Al fijarnos en la primera lectura (de los Hechos de los apóstoles), nos damos cuenta de inmediato de que la predicación de los apóstoles, no quedaba como simple afirmación de hechos sucedidos, de realidades del pasado, sino que estaba absolutamente orientado a las consecuencias que estos hechos tenían para el cristiano; es decir, para el hombre que creía en estas afirmaciones: “Dios lo resucitó rompiendo las ataduras de la muerte”.

Como recuerda san Pedro al citar el Salmo de David. “Me has enseñado el sendero de la vida”. Dios, en verdad, nos ha manifestado el camino de la vida, al resucitar a Jesucristo.

El relato de los discípulos de Emaús tiene un contenido doctrinal profundamente teológico.

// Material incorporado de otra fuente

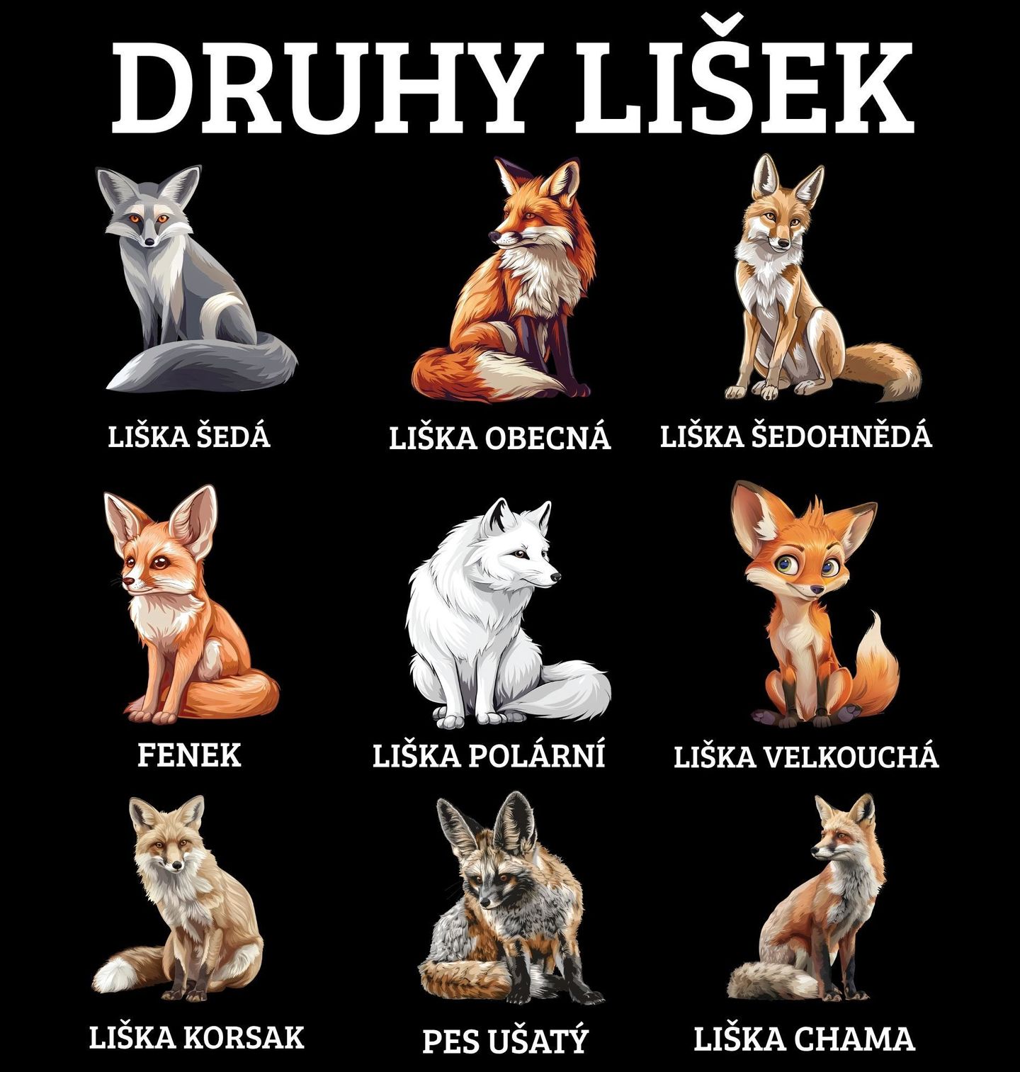 Dětské tričko Druhy Lišek. Každá liška má svůj jedinečný vzhled i prostředí, ve kterém žije, a právě to tento design přehledně a stylově zachycuje. Na motivu najdeš různé druhy, jako je liška šedá, liška obecná, liška šedohnědá, fenek, liška polární, liška velkouchá, liška korsak, pes ušatý a liška chama. Díky detailnímu zpracování si snadno oblíbíš každou liška a poznáš jejich rozdíly.

Viene a decirnos que el origen de la fe cristiana hay que situarlo en el punto en que las esperanzas de los discípulos han sido reducidas a la nada por la muerte de aquel en quien esperaban. Tendrán que aprender a leer toda la Escritura a partir de Jesús.

"Quédate con nosotros" –le dicen los discípulos a Jesús, y él entra en la casa para quedarse con ellos; se sienta con ellos a la mesa. En la Eucaristía, se realiza esta permanencia del Resucitado con su Iglesia. Juan también designa como fruto precioso de la Eucaristía, la permanencia con Jesús: "el que come mi carne y bebe mi sangre, en mí permanece y yo en él" (Jn 6. 56).

Jesús está presente, son los ojos de los discípulos los que antes no eran capaces de verlo, estaban impedidos, y después se abren y lo reconocen. El itinerario de la fe consiste en la transformación interior que hace que los ojos del creyente vean lo que ven. ¡Tremenda paradoja la del reconocimiento! No se trata de ver algo nuevo, sino de ver con ojos nuevos lo mismo que estaba viendo en el camino de nuestra vida.

Sí, Jesús está vivo. ¡Ha resucitado! Pero Él desaparece tras los signos de nuestra historia. Toca al creyente «tocado» por la fe, ser testigo de lo que ha visto y oído, para anunciarlo al mundo. Amén.